The sweet spot I’ve found are kettlebell workouts. Especially the Russian kettlebell swing. I actually discovered it from an experiment done by David Cain, author of, one of my favorite blogs.

After months of kettlebell workouts, I started early this year but it’s been going on and off a lot, I can honestly say that they are awesome. You’ll be surprised how exhausting kettlebell swings are and how great they are at building strength!

Don’t be put off by the “manliness” of kettlebells, it actually builds strength without building bulk! Something you’ll find pretty rare in the fitness world. And don’t take my word for it, watch it yourself.

This is the female world record for 24kg kettlebell snatches, held by Ksenia Dedyukhina, i.e, using one hand to swing a 24kg weight from knee level, to above your head as many times as possible in 10 minutes, and you’re not allowed to put the weight down unless you’re done.

How much does the luggage you pack when going on a vacation weigh? 24kg? How long can you hold it with one hand for? If you condense all that weight into a ball with a handle, can you swing it to above your head? Do you know how exhausting it is to keep swinging that weight for 10 full minutes, let alone swing it 202 times?

Another thing worth noting in the video above. Have you noticed how their bodies looked like? Nothing like those muscle freaks you were imagining I take? I hope this convinces you to give kettlebells a try, they are amazing!

As much as I’d like to research Ksenia, there’s not a lot of articles in English. Most are in Russian, which I can’t read. She’s still a great role model though!

The unpolished diamonds

He was an average guy, doing average things. A newbie in the world of fitness. We made eye contact and chatted for a bit.

It always starts with the usual. Name. Where are you from? What do you do? Where do you live? The usual pleasantries.

He was exceedingly average and started coming here with his friend recently. Nothing much really, just tagging along. His friend taught him some basic exercises, how to do certain movements and so on.

Finally, the conversation steered onto the topic of why we’re here. We talked about what his goal was, what he wanted out of coming here. In one word, it was ‘stamina’.

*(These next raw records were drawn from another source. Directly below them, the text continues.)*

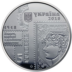 | На аверсі монети розміщено: малий Державний Герб України, праворуч від якого написи УКРАЇНА/2018, під якими відтворено фрагмент марки 30 шагів, ліворуч - номінал монети 5 ГРИВЕНЬ (вертикальний напис) та написи: 1918, ХОДИТЬ/НАРІВНІ/З ДЗВІНКОЮ/МОНЕТОЮ; логотип Банкнотно-монетного двору Національного банку України (унизу). |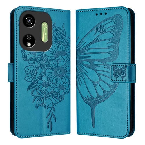 Funda de Cuero para Itel P55 5G con Mariposa en Relieve (Azul)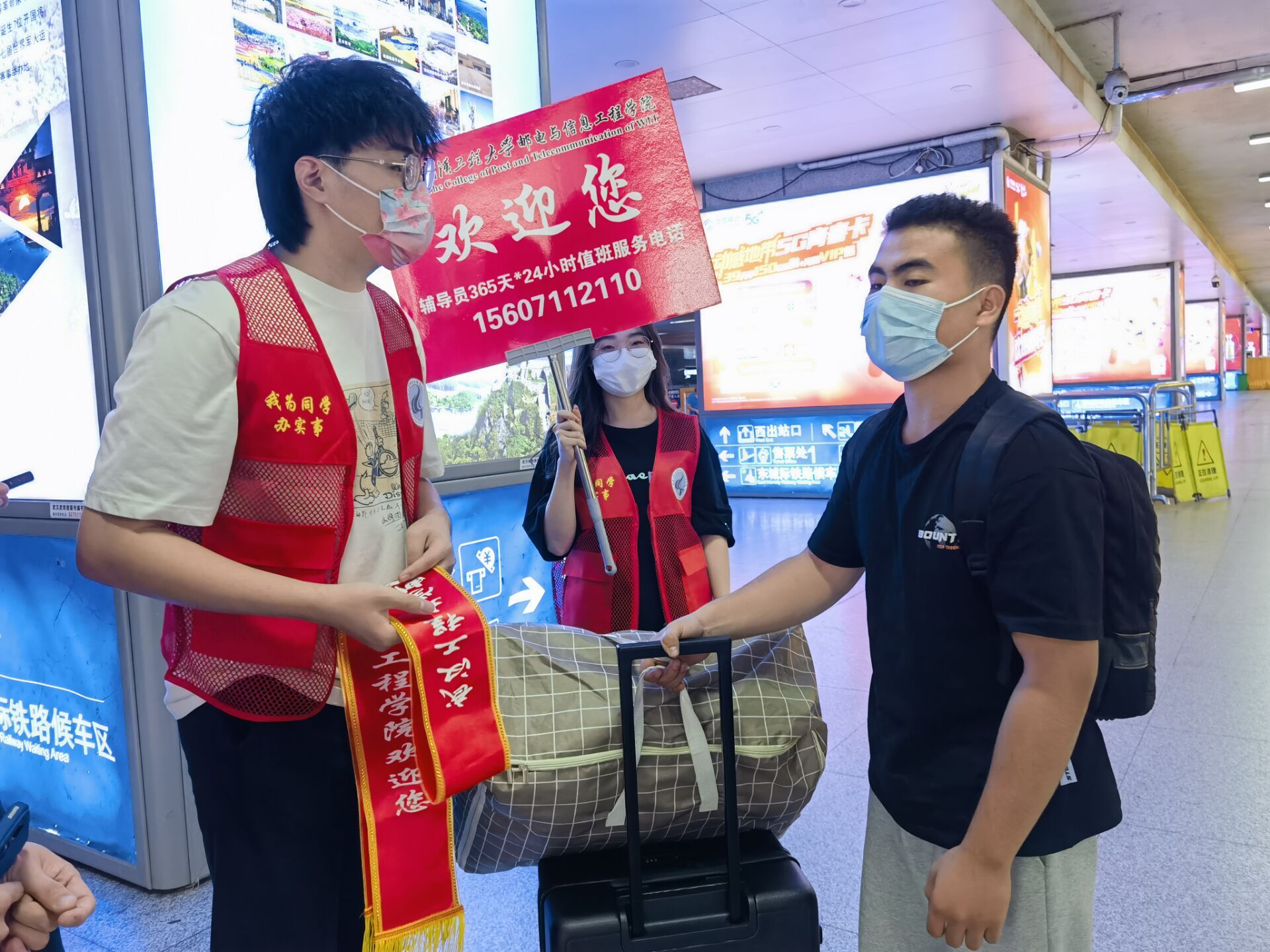 在车站里,党员同志热情为新生服务指引方向、帮助搬运行李、协助换乘转车,高效为新生保驾护航,精准对接到校,展现党员风采,成为迎新现场一道流动的“红色”风景线。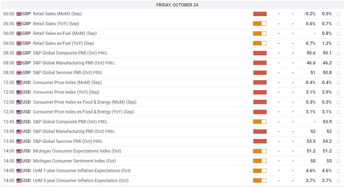 Perşembe günü ekonomik veri gündeminde bir duraklamanın ardından, etkili veri açıklamaları Cuma günü devam edecek. Cuma günü Londra piyasa seansında, Eylül ayına ait İngiltere Perakende Satışlar ve S&P Global Satın Alma Yöneticileri Endeksi (PMI) verileri açıklanacak. ABD enflasyon verileri ise ticaret haftasını kapatacak ve ABD Tüketici Fiyat Endeksi (TÜFE) enflasyonu, 29 Ekim'de Federal Rezerv'in (Fed) bir sonraki faiz kararı için toplanmadan önceki son önemli enflasyon verilerinden biri olacak.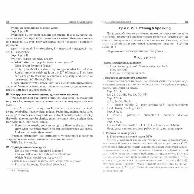 Поурочные разработки по английскому языку для 9 класса составлены по обновленному в соответствии с ФГОС учебнику Ю.Е. Ваулиной, Дж. Дули и др. "Английский в фокусе" / "Spotlight" (М.: Express Publishing: Просвещение, 2020); учебник включен в Федеральный перечень учебников, рекомендуемых Минпросвещения для использования в общеобразовательных организациях. Учитель найдет в пособии все необходимое для подготовки к каждому уроку, в том числе описание методических приемов для усвоения нового материала, задания для закрепления и повторения изученного материала, тестовые задания к каждому модулю учебника, а также подробные планы уроков для подготовки к письменной и устной частям ОГЭ.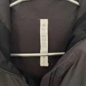 Black lululemon jacket, hardly worn! Size six. I’m normally a medium for things and this fits perfectly. Pockets have zippers. Wrists have thumb holes. Great condition, like new!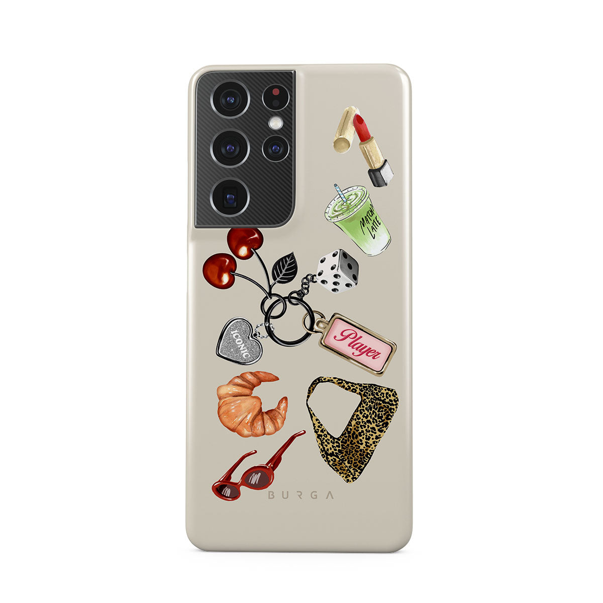 Este design contém: óculos de sol vermelhos, batom vermelho, bebida de matcha verde, croissant, dados pretos, mala com padrão leopardo, porta-chaves com coração prateado, cerejas, dados e etiqueta "Jogadora".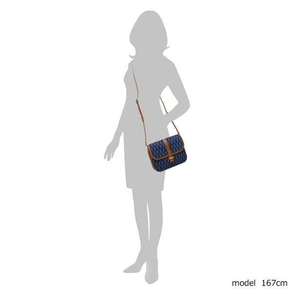 どこかレトロな雰囲気を感じさせるショルダーバッグ。全体にあしらったモノグラム柄がポイントになっています。コンパクトながら仕切りポケット付きで、荷物をすっきりと収納できます。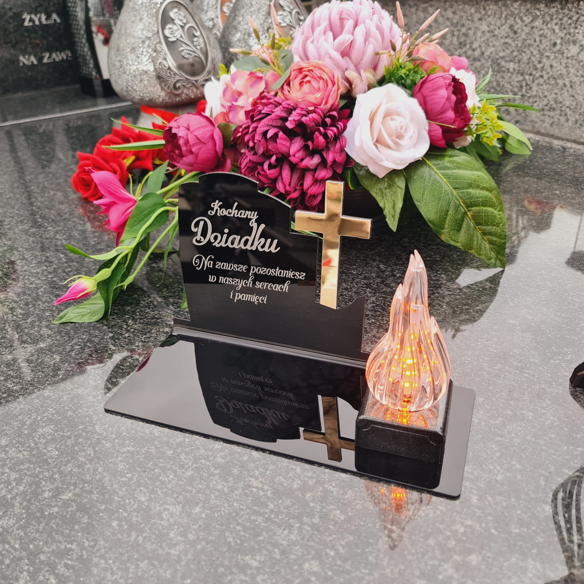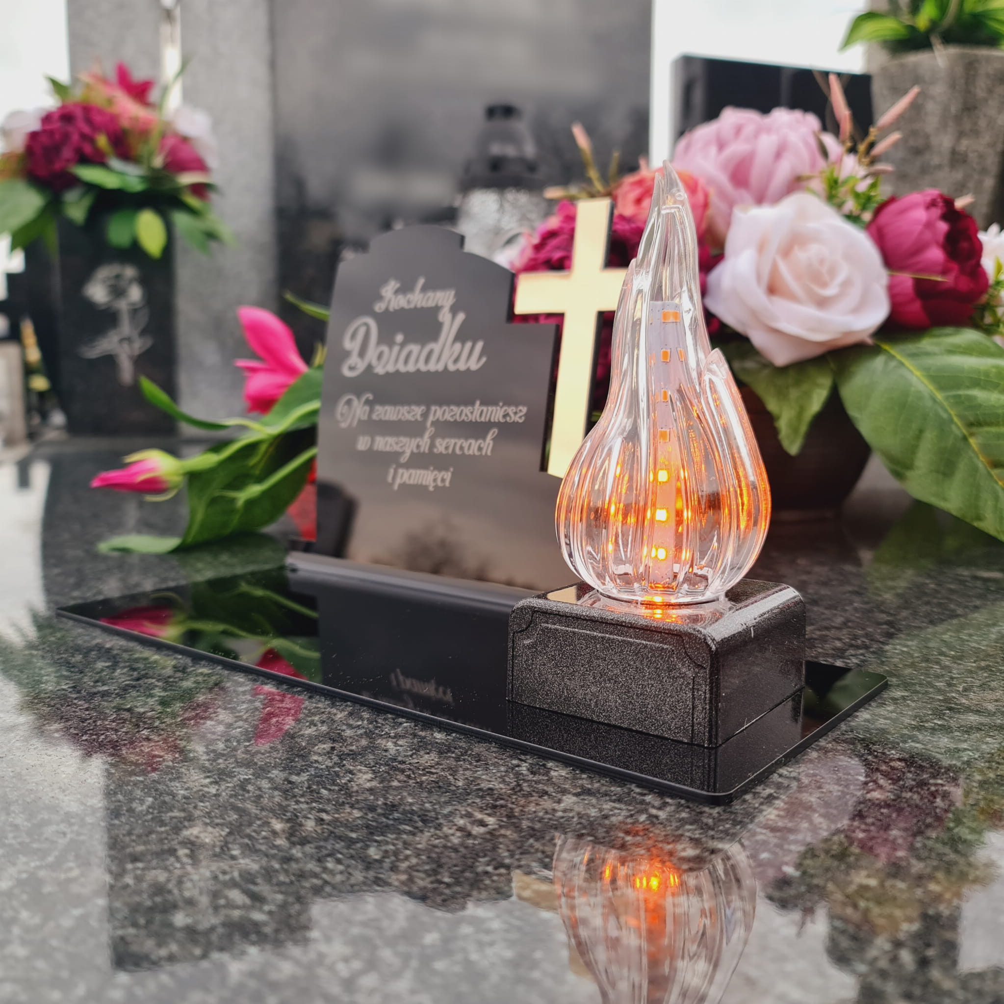 DEKORACJA na grób ZNICZ podstawka na cmentarz LAMPKA LED wieczna latarenka

He seems interested in doing high-intensity interval training, or HIIT. But from what I saw earlier, he seems to be hanging around doing lightweight stuff and taking frequent breaks. Perhaps it’s the newness of it all, or perhaps he’s simply taking it easy today.

Judging from our conversation, he seems to be indecisive and unsure of what he wanted to do. Saying he’ll research more on what workouts to do and whatnot.

The overall impression I get is that it won’t take long for him to throw in the towel. A common outcome for newbies. I was about to dismiss him as such a character until I caught myself having that thought.

Statistically, most newbies give up too early. They think they are just ordinary rocks when in fact, they are unpolished diamonds. It’s not that they can’t do it, it’s more like they don’t know they can do it. They simply haven’t realized what they’re capable of and just how amazing they are.

It’s a mindset problem. Let me paraphrase what Benjamin Zander once said:

It’s not that only 3% of the population loves classical music. Everybody loves classical music! They just don’t know about it yet.

Or put it another way:

It’s not that only 3% of the population loves to exercise. Everybody loves exercising! They just haven’t realized it yet.

It’s still too early to say but let’s hope he realizes just how fun working out can be and succeeds in achieving his goals.